The problem I have is that a constraint (with a name and a bunch of attributes)
can be either
- a "free constraint, adressed by layer, net class and name or
- a "bound constraint", adressed by the constraint class name.
A constraint cannot be both.
I can enforce this easily with a table constraint (id set1 xor id set2 is true), but
can I put this into an ER diagram too?
Lots of Greetings!
Volker
Look up "generalization specialization relational model" on the web.
then, change of problem description:
I'm looking for a database design tool that, when doing that subcategory
relationship, creates code that enforces the constraint that an object
can belong to only one subcategory.
What I'm currently doing is to have three tables (root + 2 subs),
root has a type field and each sub has a type field too and a constraint
forcing the sub type to be of a particular value. Sub name and type
have to exist in root and there is only one row per name in root.

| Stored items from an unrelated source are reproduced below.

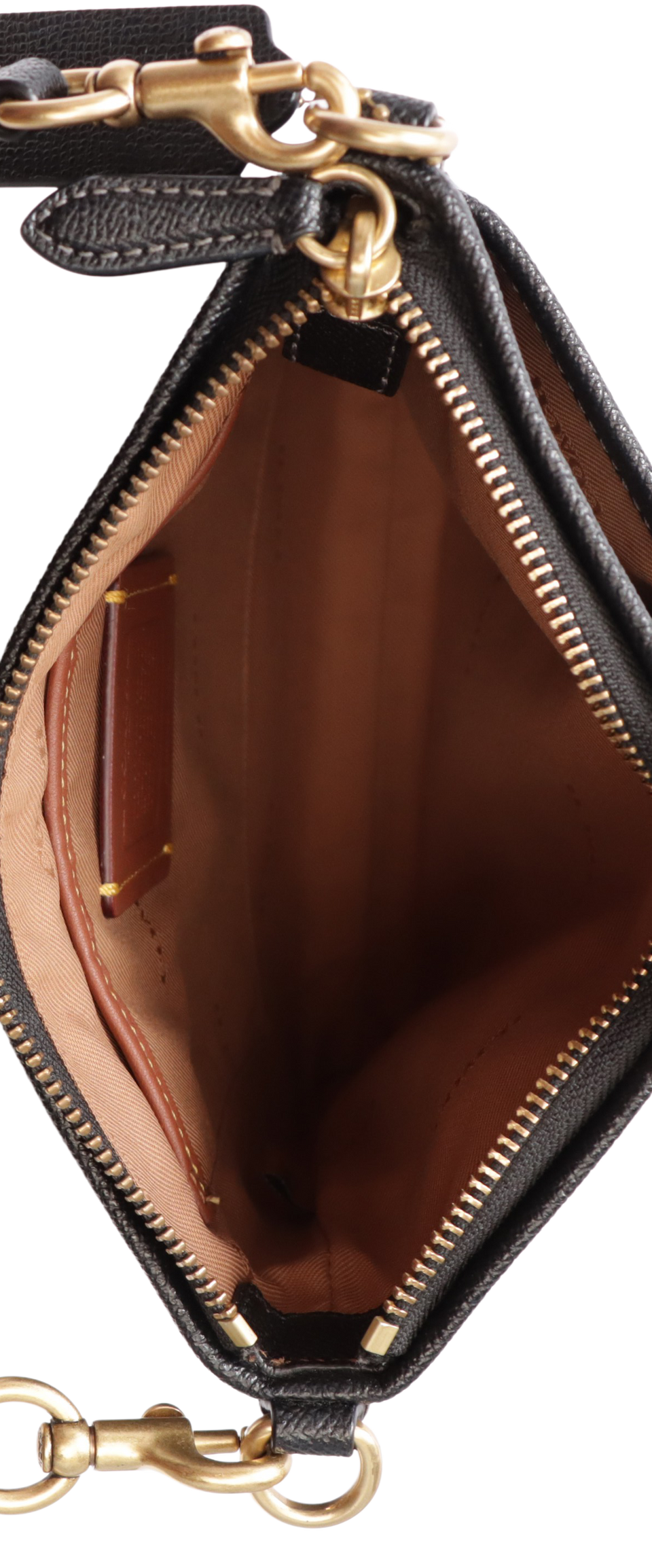 Bom, com aparência de usado. Apresenta leves deformidades pela estrutura, principalmente na parte inferior do lado direito frontal, pequenas manchas esbranquiçadas e desgastes pelo couro na parte superior frontal e cantos da base, leves descolorações e marcas de uso nas ferragens e levíssimas manchas esbranquiçadas pelo forro.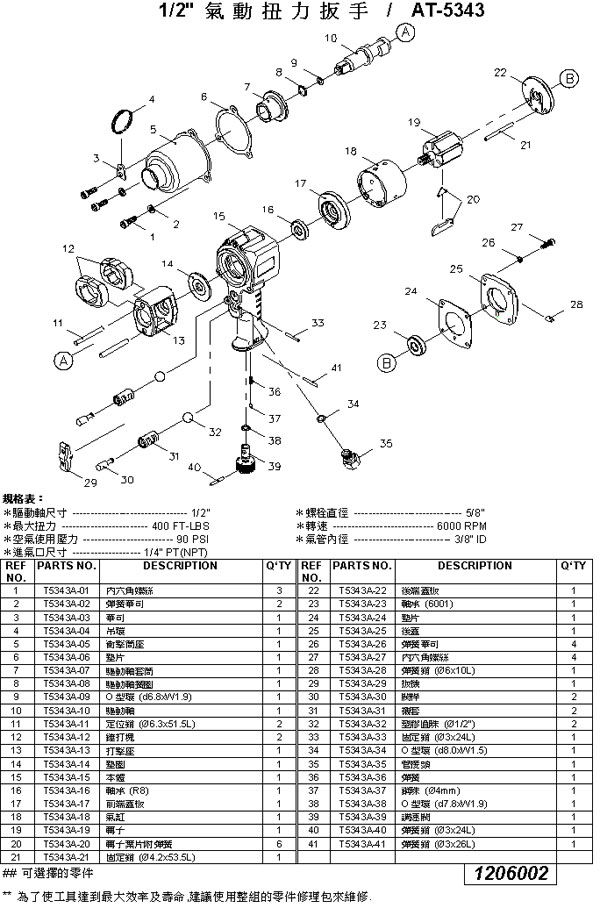 3.我们将对AT-5343巨霸气动扳手提供免费送检,阁下在签收快递前请详细核查AT-5343巨霸气动扳手资料信息。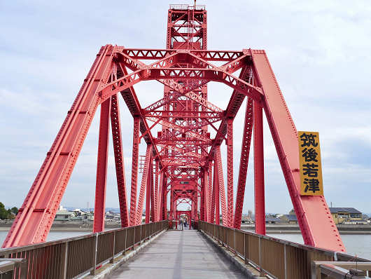 築後川昇開橋は全長が507mほどありますが、中央付近にある可動部が近づいてくると「筑後若津」と書かれた看板が鉄骨に掲げられていました。橋を渡った先は福岡県大川市で、かつて筑後若津駅があったそうです。

My current database tool (dezign) is useless with subcategories, so
I have to fiddle with two non identifying 1:n relationships instead
of a subcategory relationship.
Lots of Greetings and thanks for bothering!
Volker
Joe Celko has presented table designs, including constraints for the
gen-spec case several times in this newsgroup. If you look up the history
of this newsgroup (c.d.t.) in web archives of the messages, you may be able
to see one of his ealrier resonses.
CREATE TABLE Vehicles
(vin CHAR(17) NOT NULL PRIMARY KEY,
vehicle_type CHAR(3) NOT NULL
CHECK(vehicle_type IN ('SUV', 'SED')),
UNIQUE (vin, vehicle_type),
..);
Notice the overlapping candidate keys. I then use a compound candidate
key (vin, vehicle_type) and a constraint in each sub-class table to
assure that the vehicle_type is locked and agrees with the Vehicles
table. Add some DRI actions and you are done:
CREATE TABLE SUV
(vin CHAR(17) NOT NULL PRIMARY KEY,
vehicle_type CHAR(3) DEFAULT 'SUV' NOT NULL
CHECK(vehicle_type = 'SUV'),
UNIQUE (vin, vehicle_type),
FOREIGN KEY (vin, vehicle_type)
REFERENCES Vehicles(vin, vehicle_type)
ON UPDATE CASCADE
ON DELETE CASCADE,
..);
CREATE TABLE Sedans
(vin CHAR(17) NOT NULL PRIMARY KEY,
vehicle_type CHAR(3) DEFAULT 'SED' NOT NULL
CHECK(vehicle_type = 'SED'),
UNIQUE (vin, vehicle_type),
FOREIGN KEY (vin, vehicle_type)
REFERENCES Vehicles(vin, vehicle_type)
ON UPDATE CASCADE
ON DELETE CASCADE,
..);
I can continue to build a hierarchy like this. For example, if I had a
Sedans table that broke down into two-door and four-door sedans, I
could a schema like this:
CREATE TABLE Sedans
(vin CHAR(17) NOT NULL PRIMARY KEY,
vehicle_type CHAR(3) DEFAULT 'SED' NOT NULL
CHECK(vehicle_type IN ('2DR', '4DR', 'SED')),
UNIQUE (vin, vehicle_type),
FOREIGN KEY (vin, vehicle_type)
REFERENCES Vehicles(vin, vehicle_type)
ON UPDATE CASCADE
ON DELETE CASCADE,
..);
CREATE TABLE TwoDoor
(vin CHAR(17) NOT NULL PRIMARY KEY,
vehicle_type CHAR(3) DEFAULT '2DR' NOT NULL
CHECK(vehicle_type = '2DR'),
UNIQUE (vin, vehicle_type),
FOREIGN KEY (vin, vehicle_type)
REFERENCES Sedans(vin, vehicle_type)
ON UPDATE CASCADE
ON DELETE CASCADE,
..);
CREATE TABLE FourDoor
(vin CHAR(17) NOT NULL PRIMARY KEY,
vehicle_type CHAR(3) DEFAULT '4DR' NOT NULL
CHECK(vehicle_type = '4DR'),
UNIQUE (vin, vehicle_type),
FOREIGN KEY (vin, vehicle_type)
REFERENCES Sedans (vin, vehicle_type)
ON UPDATE CASCADE
ON DELETE CASCADE,
..);
The idea is to build a chain of identifiers and types in a UNIQUE()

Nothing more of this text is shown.